>>>>
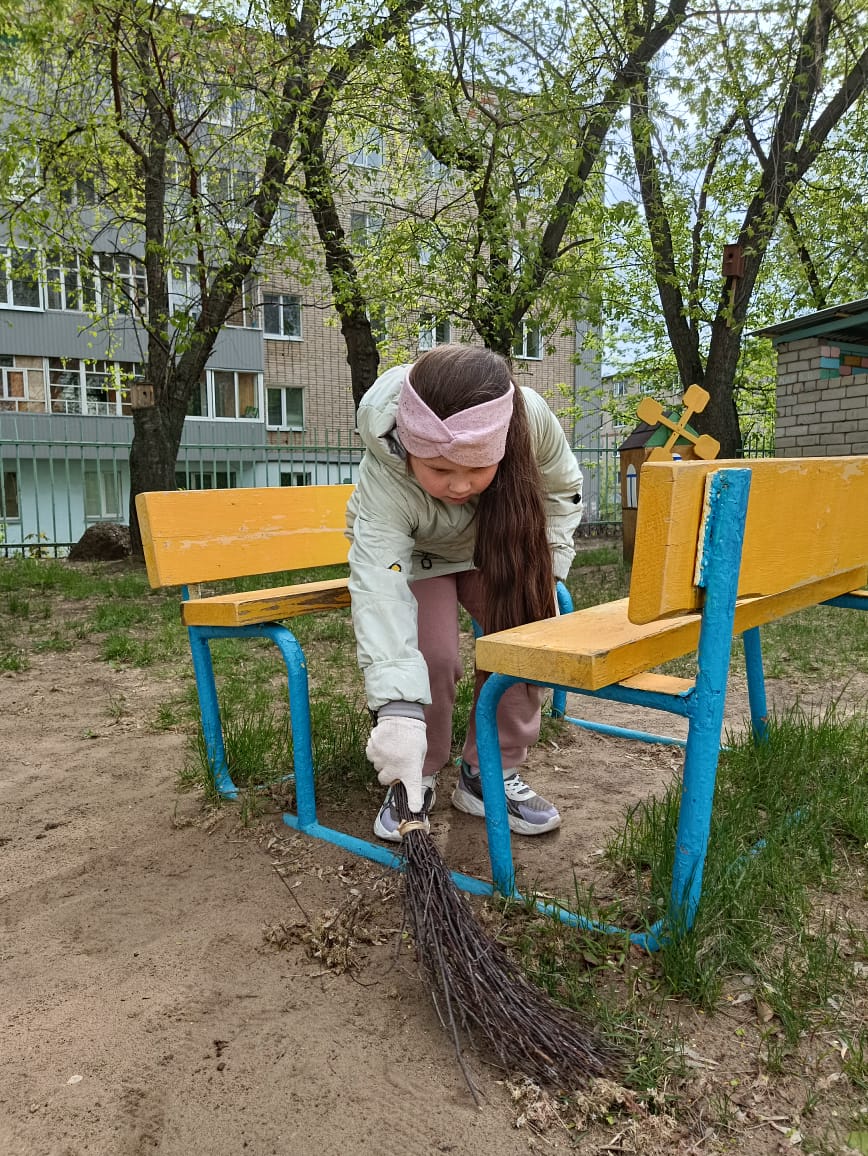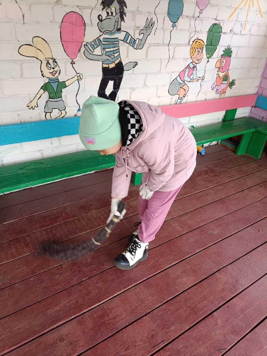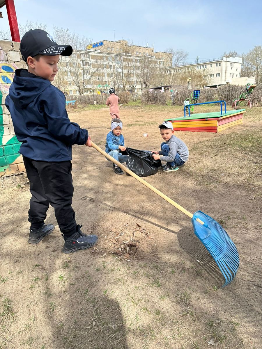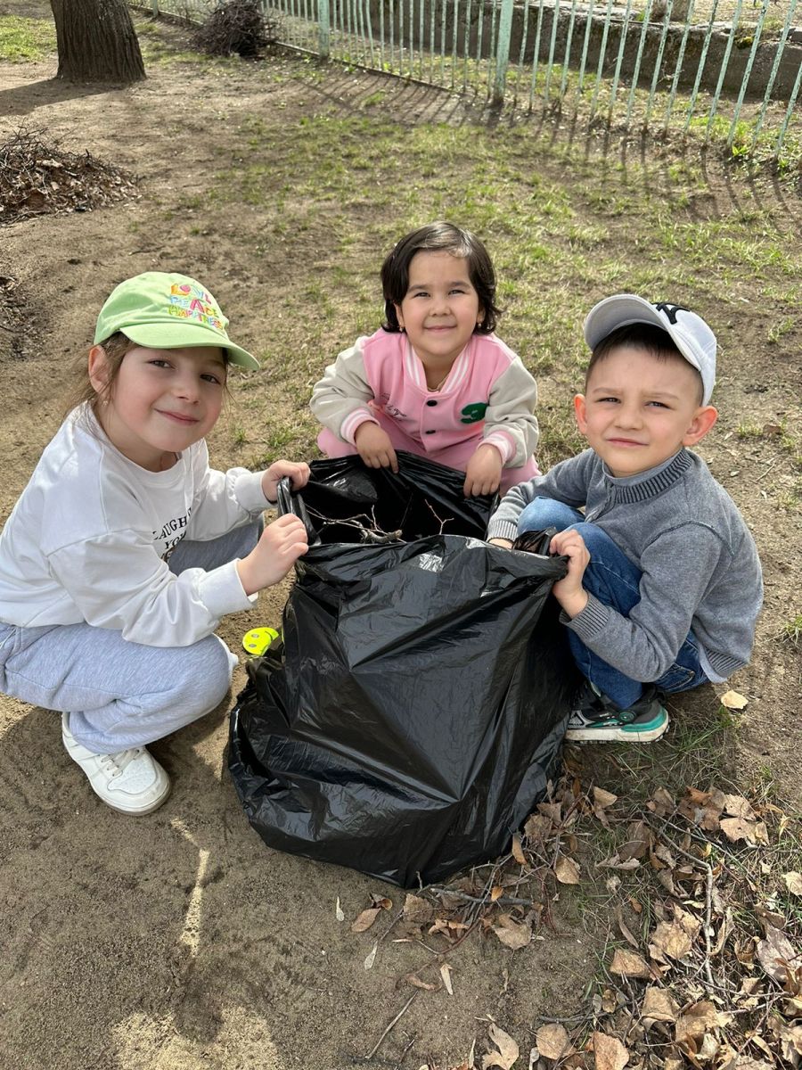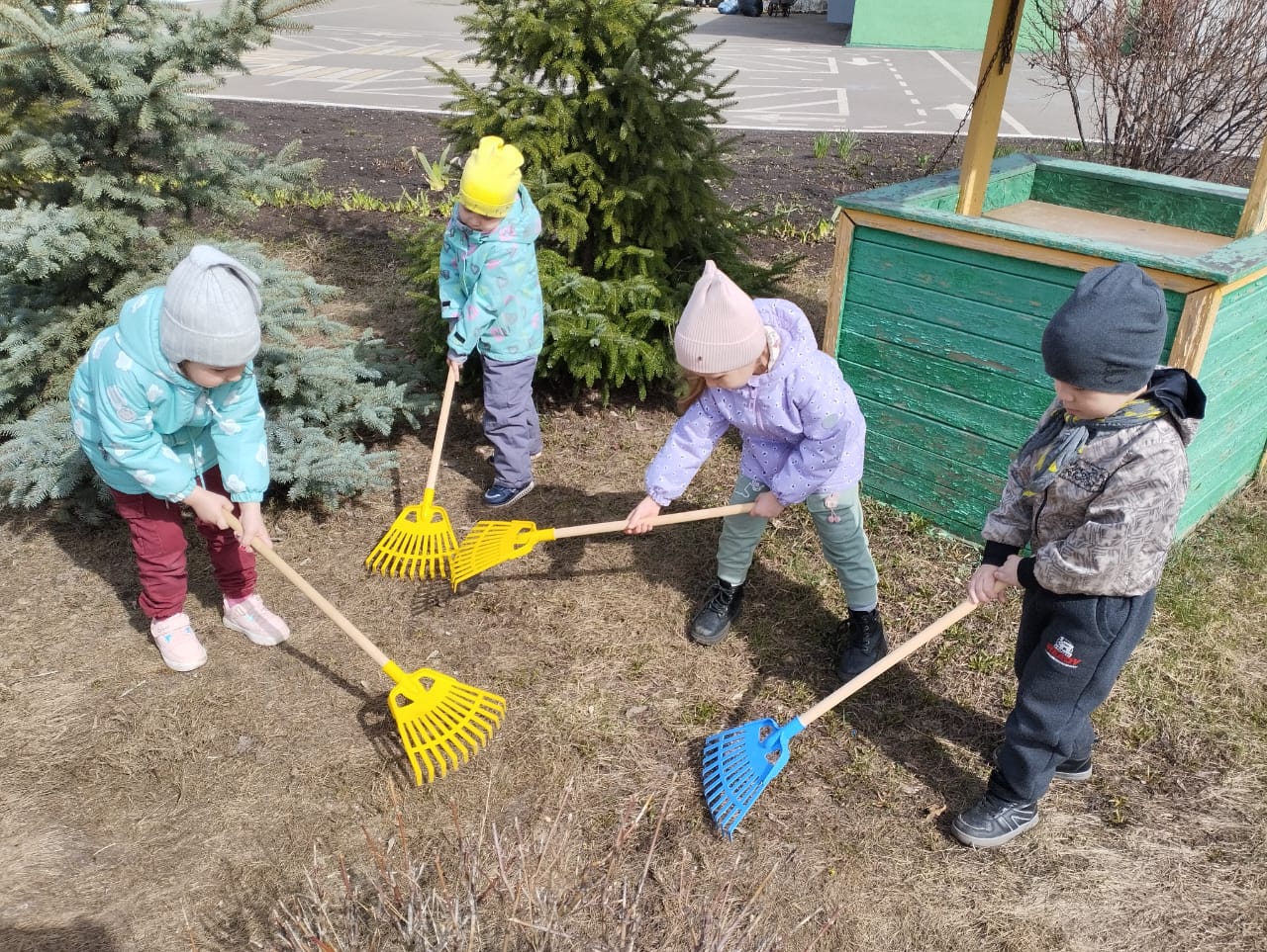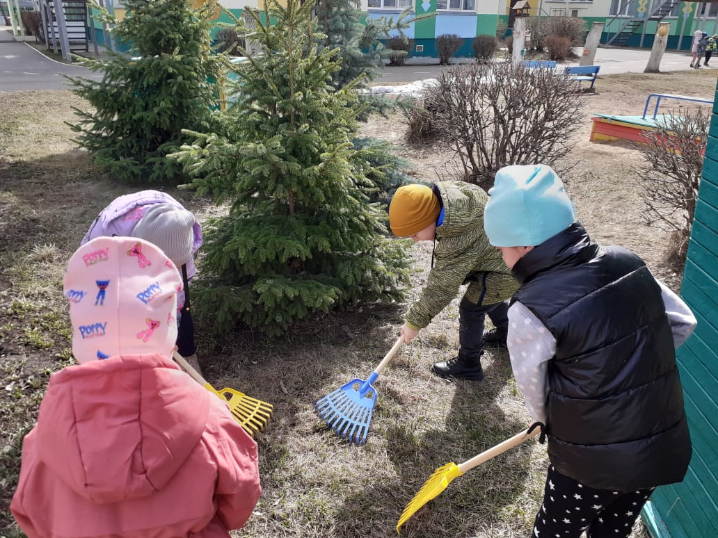 Воспитанники нашего детского сада после бодрящей утренней зарядки тоже приводят в порядок территорию своих участков. Каждый день, заботясь о себе, не забывай о мире вокруг – о его экологии и безопасности.
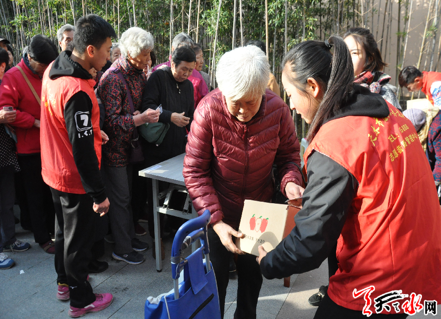 据了解,此次爱心活动由天水市民政局、天水市虚拟养老院主办,甘肃永强建设集团、甘肃德丰农业有限公司、甘肃商帮电子商务有限公司发起的。活动为天水市虚拟养老院的老人免费发放了1000箱共计6000斤爱心苹果。整个现场人潮涌动,老人们喜笑颜开,气氛热烈,活动现场这股强大的暖流温热了这个寒秋。
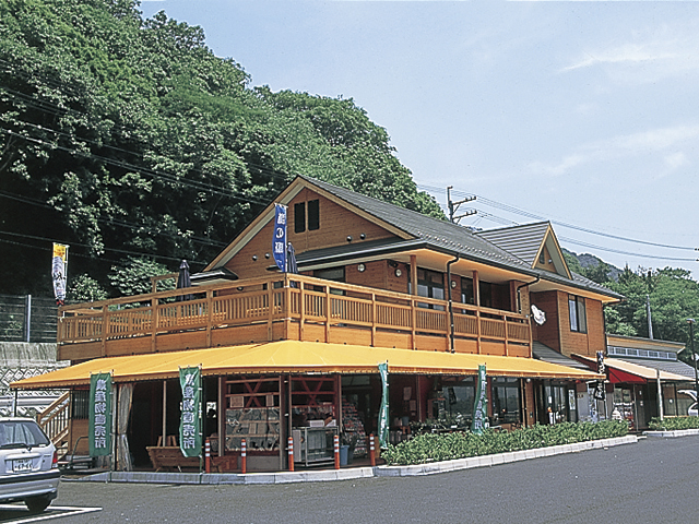 食堂、農産物直売所、売店などを備えた道の駅。川面に落ちる夕日が非常に美しい。
<<<<
When you reproduce the data shown above, keep each line exact and omit every picture.

 Воспитанники нашего детского сада после бодрящей утренней зарядки тоже приводят в порядок территорию своих участков. Каждый день, заботясь о себе, не забывай о мире вокруг – о его экологии и безопасности.
 据了解,此次爱心活动由天水市民政局、天水市虚拟养老院主办,甘肃永强建设集团、甘肃德丰农业有限公司、甘肃商帮电子商务有限公司发起的。活动为天水市虚拟养老院的老人免费发放了1000箱共计6000斤爱心苹果。整个现场人潮涌动,老人们喜笑颜开,气氛热烈,活动现场这股强大的暖流温热了这个寒秋。
 食堂、農産物直売所、売店などを備えた道の駅。川面に落ちる夕日が非常に美しい。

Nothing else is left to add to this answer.